Crusader history is very noticeable in Cyprus, as it was a Christian island, and so near the Holy Land.  The port of Famagusta was an extraordinary place to visit.   It was here that the remnants of the Crusader Knights, who established and held a kingdom on a coastal strip stretching from Antioch, now in Turkey, to Acre, now in Israel, came when they were finally expelled from the land they called Outremer in 1291.   The old city, which is surrounded by a high wall, ramparts and a moat encircling about one square mile, contains the remains of at least a dozen huge cathedrals and churches, built in the styles current in Europe at the period, Romanesque and Gothic.  Most of them are intact, only the roofs are missing, apart from the Cathedral of St.

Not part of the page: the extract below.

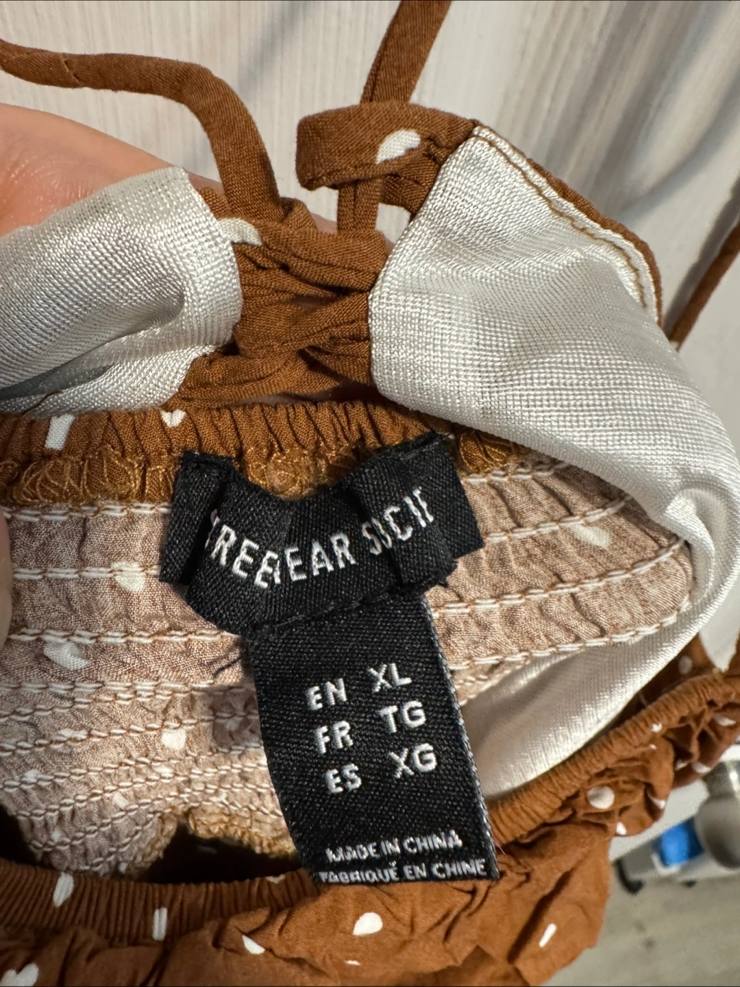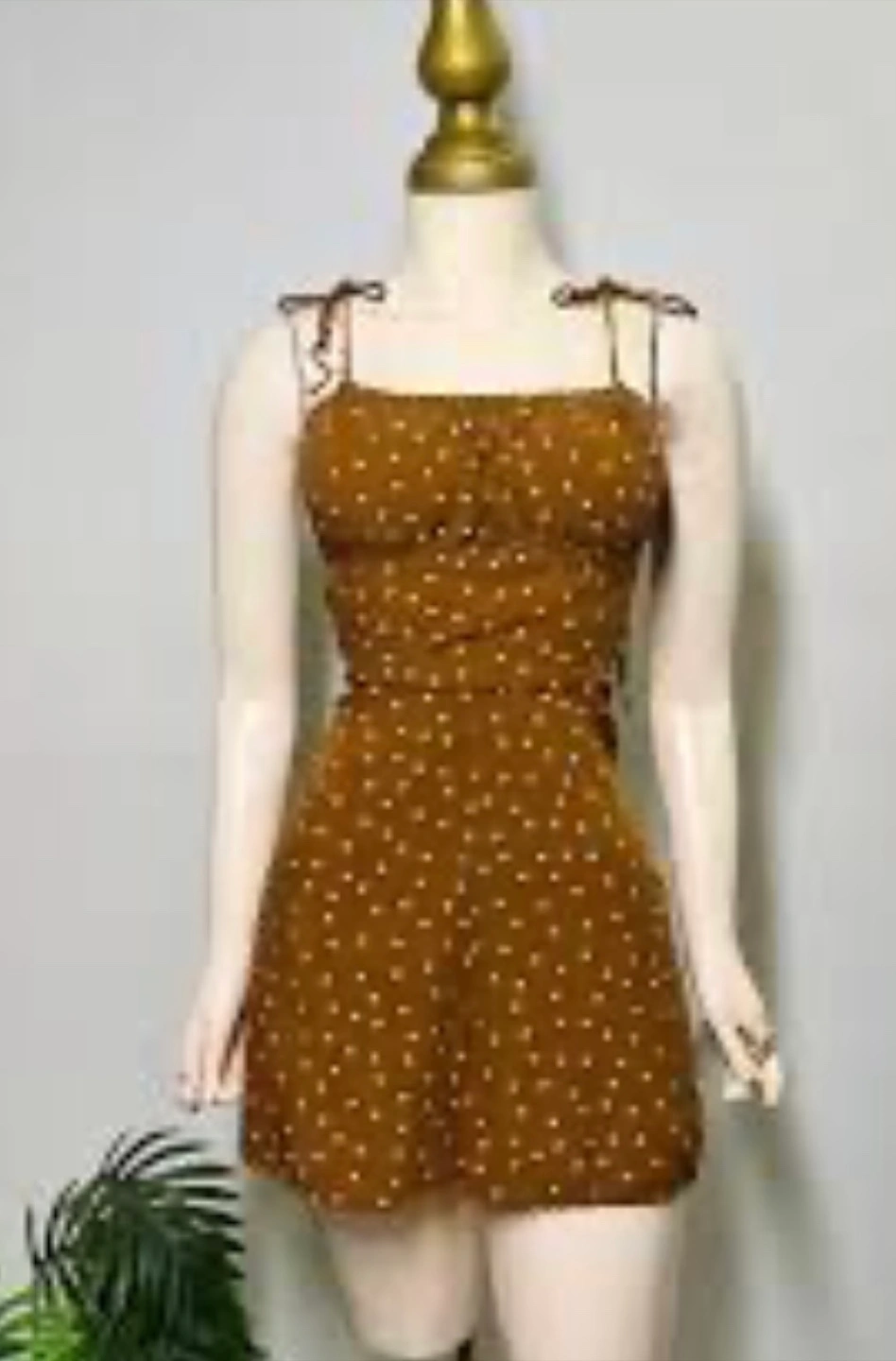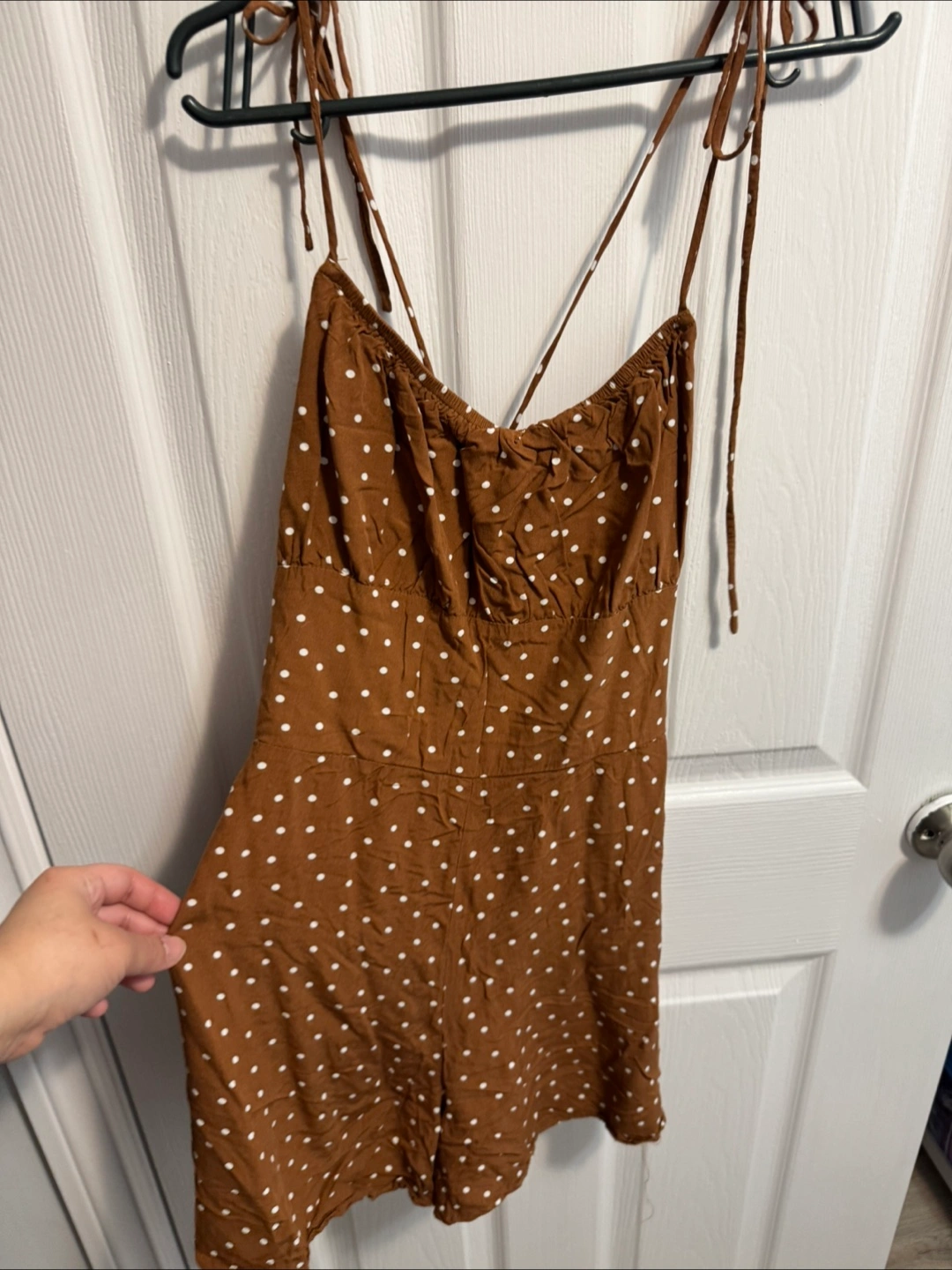 Adorable brown polka dot jumpsuit. Features adjustable straps. Size XL. Made in China.

Nicholas, which is now a mosque.  It looks like a slightly scaled-down version of Notre-Dame in Paris, except built in the golden limestone of the island.  A guide told us there were once 365 religious buildings in Famagusta, created by the wealth and piety of the religious orders.   Another beautiful survivor is Bellapais Abbey above our anchorage at Kyrenia, founded by Augustinian monks from Jerusalem in 1200 and enlarged by the Lusignan kings in the 13th and 14th centuries.  Some of it is romantically ruined, but the refectory has survived and we saw a classical music concert performed by two young pianists.  We went to the concert with a charming couple from the Orkneys (Orkadians?), called Roy and Moira Dennison on the yacht Halcyon, who were our neighbours at various anchorages and moorings.
 
I have to leave Ian and Vasco in Mersin with the fishermen until I return from the funeral and memorial in Pennsylvania of my brother-in-law Larry, who died earlier this year.  This has been a sad time for my family.  When I return we will sail south to Lattakia in Syria.